Master storyteller and director Guillermo del Toro has created an adult fairy tale set against the backdrop of the Cold War era. In a high-security government laboratory, the lives of two janitors, brilliantly played by Sally Hawkins (Elisa) and Octavia Spencer (Zelda), intersect with the lives of a nasty military officer (Michael Shannon) and a sympathetic researcher (Michael Stuhlbarg).
Point of intersection: a secret classified experiment that has captured the interest of the Americans and the Russians.

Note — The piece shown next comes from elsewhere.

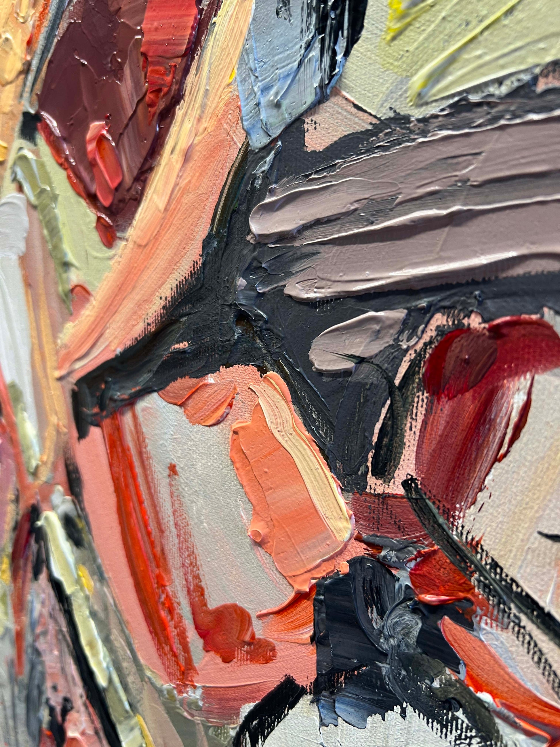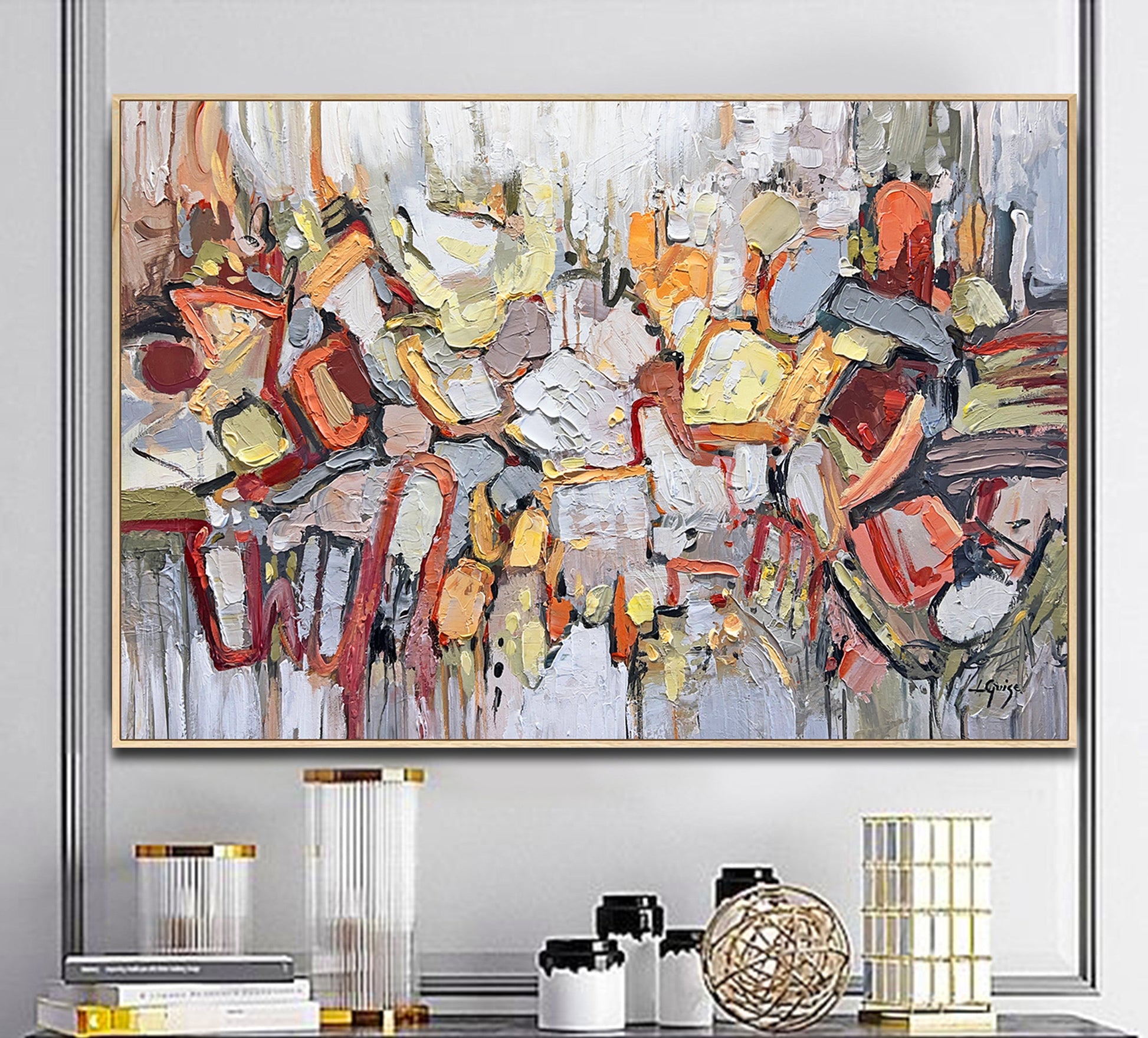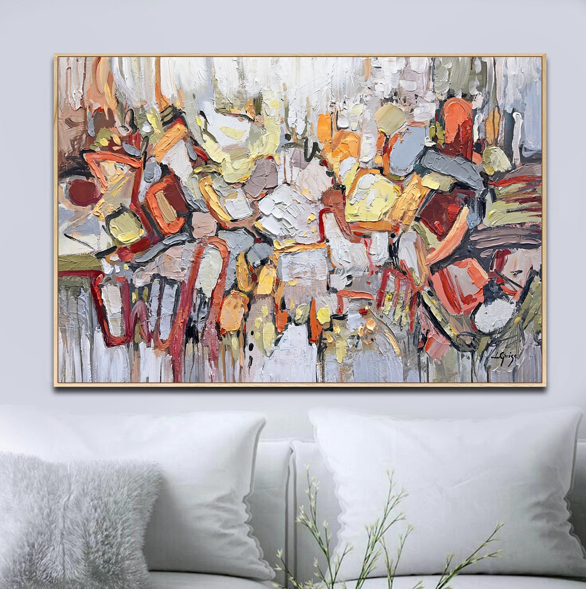 Thick, textured strokes of gold, burnt orange, and deep crimson intertwine with cooler greys and muted neutrals, creating a sense of vibrant movement and layered depth.

An amphibious creature—often referred to as the “asset”—is shackled and tested while its future is being debated. The scientists consider the asset to be a biological miracle that could be used to help future astronauts. The military is considering the asset as a potential weapon against the Russians while the Russians are plotting their own takeover of the asset.
Elisa tries to keep her head down as she cleans around the asset’s tank, but she can’t resist taking a peek. There is an instant connection as soon as her eyes connect with the blue orbs of the amphibian (Doug Jones). An inter-species romance develops as Elisa secretly shares boiled eggs and music during her lunch breaks. The two outsiders—a mute woman and an amphibian—form a silent bond.
Emboldened by her love, Elisa decides to liberate the creature. What follows is an unlikely but fascinating tale of escape and the repercussions for all involved.
So much to like here—Sally Hawkins’ ability to express herself without uttering a word, strong performances by all supporting actors, breathtaking underwater visions, expert narration by Richard Jenkins (who also stars as Elisa’s eccentric neighbor), unexpected plot twists, and Guillermo del Toro’s extraordinary vision of a magical world brought to life.
The most-nominated film at this year’s Oscars, The Shape of Water won in four categories: Production Design, Original Score, Director, and Best Picture.